Wie war das nochmal? Damals vor Corona?

Von Gesche Javelin | Vorweihnachtszeit 2019 – es ist erst zwei Jahre her, fühlt sich aber an wie ein völlig anderes Leben. Man hat sich persönlich getroffen, einfach so, im realen Leben. Ohne darüber nachzudenken, ob man gleich eine Ordnungswidrigkeit kassiert, weil man sich nicht an die Corona-Regeln hält. Heiserkeit, Schniefnase und Husten hin oder her.
Vor genau zwei Jahren lief ich quatschend mit meinem fünf Freunden durch die Europa-Passage. Wir lachten und freuten uns schon auf den Weihnachtsmarkt, auf den wir geradewegs zusteuerten. Im Vorbeigehen sahen wir einen Ständer mit Hüten – ob die uns wohl stehen würden? Ich blieb stehen, setzte einen besonders opulenten Hut auf und posierte albernd mit meinen Freundinnen, bis wir die Hüte lachend wieder zurücklegten. Ein paar Meter weiter kam mir schon der köstliche Geruch von gebrannten Mandeln und das Gedudel der Weihnachtslieder entgegen.
Voller Vorfreude drängten wir uns in die Menschenmassen. Mir lief schon das Wasser im Mund zusammen. Also schnell zu den gebrannten Mandeln und, nicht zu vergessen, zum Schmalzgebäck.
Nachdem wir die schier endlose Schlange überwunden hatten, kuschelten wir uns dicht aneinander gedrängt in eine Ecke und genossen unsere reichliche Beute. Die Tüten wurden herumgereicht und jeder aß beim Anderen mit, bis wir nicht mehr konnten.
Kurz darauf hetzten wir zum Bahnhof, um in letzter Minute in die Bahn zu springen. Schwer atmend quetschen wir uns auf einen Vierer-Sitz. In der Bahn war es brechend voll – die Menschen standen dicht gedrängt beieinander. Kaum zu glauben, dass der Vierer-Platz noch frei war. Um uns herum erfüllten Quatschen und Lachen, Kindergeschrei, Tütenknistern und viel zu laute Kopfhörer-Musik den Waggon.

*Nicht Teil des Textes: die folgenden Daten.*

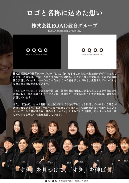 また、「EQAO」という名称には、IQではなくEQを育むことを目指しているという理念が込められています。EQを伸ばすための最適なプロセスとして総合型選抜を活用するというコンセプトから名付けられ、読み方を「エカオ」とすることで「笑顔」をイメージさせ、親しみやすさと明るい未来を象徴しています。
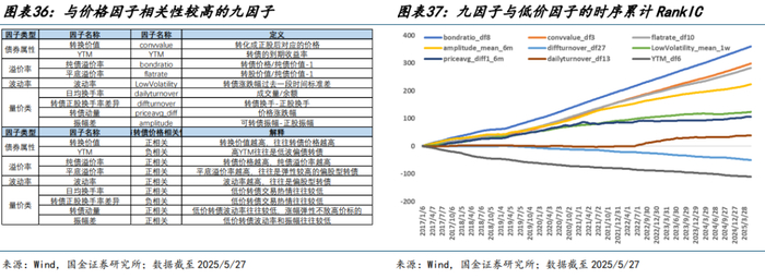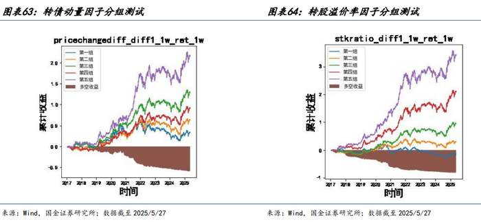 从市值、行业分布来看,转债正股分布集中在 150 亿元以下中小市值个股以及银行、电力设备相关行业。截至 2025/3/31,转债市场共有 421 只个券,市场余额为 6362.68 亿元,其中 150 亿元以下个股数量占比达 75%。中小市值个股往往信用资质相对较低,再融资渠道有限,发行可转债对短期也不会对公司造成股权稀释压力,故而转债成为中小企业的重要再融资方式之一。而银行股其市值规模通常较大,虽然其发行数量较低(占比 2.6%),但从可转债余额体量来看,银行业(占比 25.8%)也远超基础化工、医药生物等行业,故而量化转债因子中行业中性化成为因子预处理的重要流程之一。

Heute scheint mir diese Erinnerung völlig fremd. Die Straßen sind zwar immer noch voll, aber von der vorweihnachtlichen Fröhlichkeit und Leichtigkeit ist kaum noch etwas zu spüren. Stattdessen herrschen Abstand, Angst und Masken. In ein Geschäft und auf den Weihnachtsmarkt kommst du nur noch mit QR-Code, der deinen „G-Status“ nachweist. Ach ja, und – fast hätte ich es vergessen – die Maske muss hier natürlich auch getragen werden. Die Dinger kann man sich ja gar nicht mehr wegdenken, auch wenn ich aus gesundheitlichen Gründen selbst keine tragen kann.
Ist das schon das neue „normal“?
Ich beobachte mit Erschrecken, dass es mir immer unbekannter wird, wie mein Leben früher einmal war. Es scheint so fremd, dass ich im ersten Moment richtig verwirrt bin, wenn ich in einem Film Menschen ohne Maske und Abstand im Supermarkt sehe. Freunde wollen sich nicht mehr umarmen, manche nichtmal mehr treffen: Geimpft vs. ungeimpft ist der neuste Trennungsgrund. Derweil heißt der Werbeslogan für Weihnachten 2021: „Weiße Weihnachten auch im Gesicht. Für jeden fünf FFP2 Masken.“
Das Absurde wird normal und das Normale immer absurder. Manchmal frage ich mich, wo das noch enden soll. Wird die Welt irgendwann wieder normaler? Kann ich irgendwann wieder, mit Heiserkeit und einer wetterbedingten Schniefnase durch die Gegend laufen, ohne Angst haben zu müssen, schräg angeguckt oder gemieden zu werden? Ich hoffe es.
Gesche Javelin, im Jahr 2005 geboren, ist froh, wenn sie 2024 die Schule verlassen kann. Träumt davon die Welt zu bereisen, ihren eigenen Reiseblog zu starten und eine bessere und vor allem freiere Zukunftsversion zu erschaffen. Liebt gute Bücher und offenen Diskurs, der leider auch immer mehr zu einem Traum wird. Sammelt Stifte und schreibt gerne über gesellschaftliche Themen, wie zum Beispiel die Schule und den Umgang mit uns Jugendlichen.